■ ABOUT THIS TASK
Output, exactly and in full, only the lines from the one containing "Request를 처리하는 Controller는 서블릿으로 화면은 JSP로" to the last line of the data. Pictures should not appear.

■ EXTRACTED MATERIAL
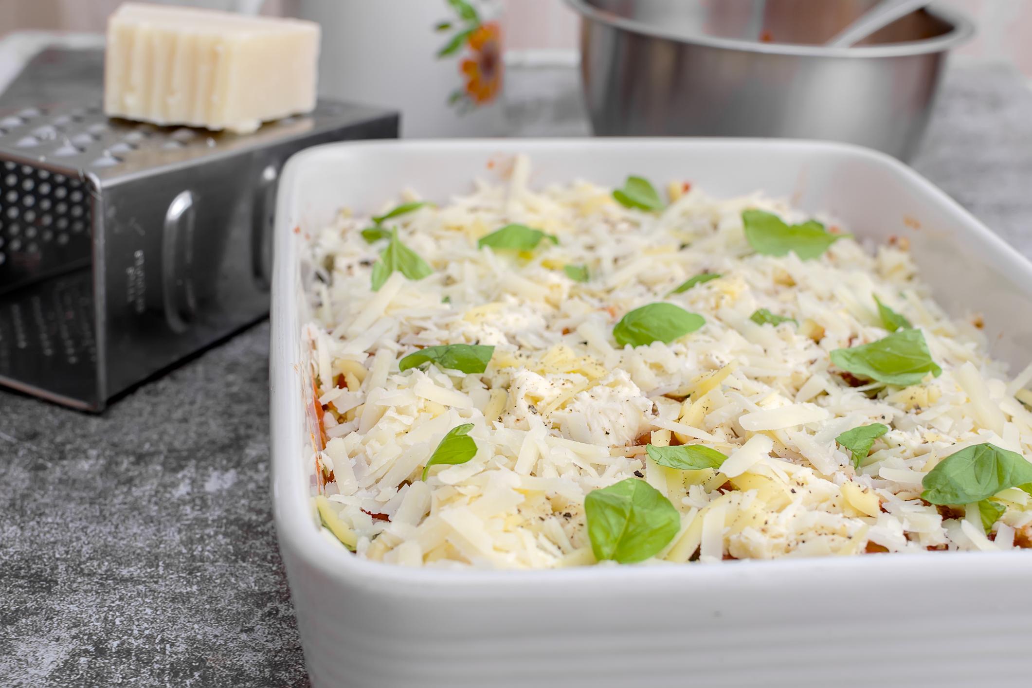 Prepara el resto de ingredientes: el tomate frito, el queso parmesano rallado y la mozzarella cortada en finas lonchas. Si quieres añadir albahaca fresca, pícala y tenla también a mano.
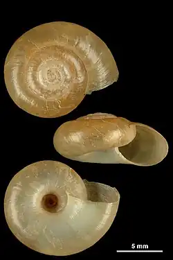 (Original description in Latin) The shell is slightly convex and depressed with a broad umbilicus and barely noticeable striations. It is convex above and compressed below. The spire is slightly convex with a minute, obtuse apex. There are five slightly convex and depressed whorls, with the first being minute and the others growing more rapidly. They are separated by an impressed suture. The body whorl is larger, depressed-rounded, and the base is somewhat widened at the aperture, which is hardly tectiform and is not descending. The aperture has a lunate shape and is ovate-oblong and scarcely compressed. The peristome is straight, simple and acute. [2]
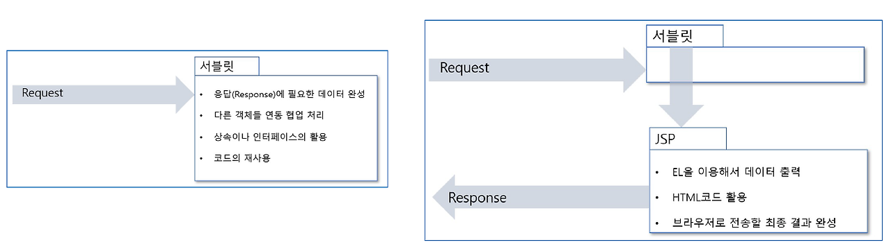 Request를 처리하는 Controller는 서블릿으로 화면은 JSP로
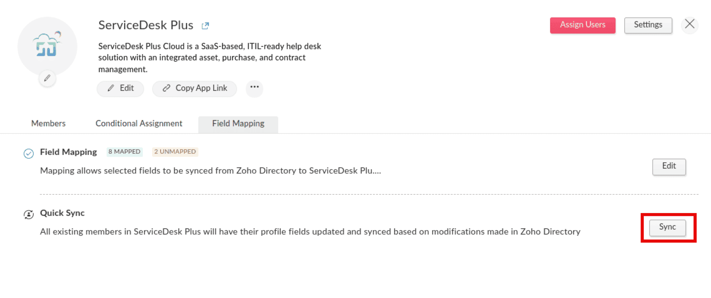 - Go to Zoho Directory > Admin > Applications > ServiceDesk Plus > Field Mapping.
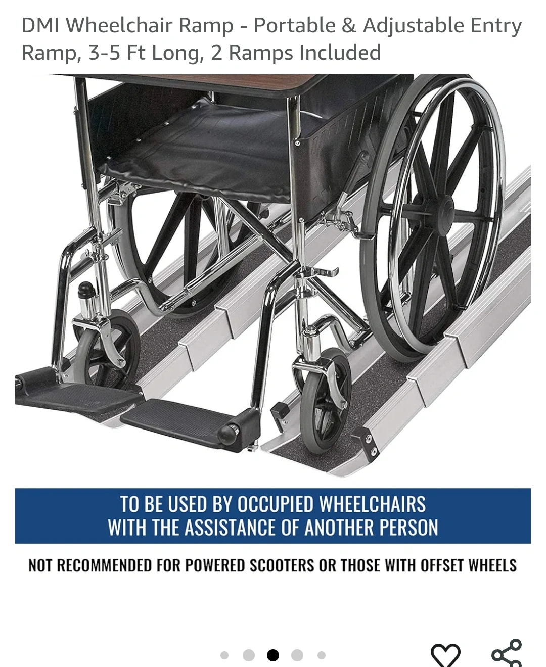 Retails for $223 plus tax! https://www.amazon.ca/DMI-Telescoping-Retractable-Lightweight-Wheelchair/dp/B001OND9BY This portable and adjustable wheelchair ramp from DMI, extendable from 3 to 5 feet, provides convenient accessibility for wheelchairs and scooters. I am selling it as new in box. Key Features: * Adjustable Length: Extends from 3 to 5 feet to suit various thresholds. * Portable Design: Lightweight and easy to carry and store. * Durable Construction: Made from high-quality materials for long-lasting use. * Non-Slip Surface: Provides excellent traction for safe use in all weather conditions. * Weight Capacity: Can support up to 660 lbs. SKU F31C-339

■ SOLUTION TO THE PROBLEM
 Request를 처리하는 Controller는 서블릿으로 화면은 JSP로
 - Go to Zoho Directory > Admin > Applications > ServiceDesk Plus > Field Mapping.
 Retails for $223 plus tax! https://www.amazon.ca/DMI-Telescoping-Retractable-Lightweight-Wheelchair/dp/B001OND9BY This portable and adjustable wheelchair ramp from DMI, extendable from 3 to 5 feet, provides convenient accessibility for wheelchairs and scooters. I am selling it as new in box. Key Features: * Adjustable Length: Extends from 3 to 5 feet to suit various thresholds. * Portable Design: Lightweight and easy to carry and store. * Durable Construction: Made from high-quality materials for long-lasting use. * Non-Slip Surface: Provides excellent traction for safe use in all weather conditions. * Weight Capacity: Can support up to 660 lbs. SKU F31C-339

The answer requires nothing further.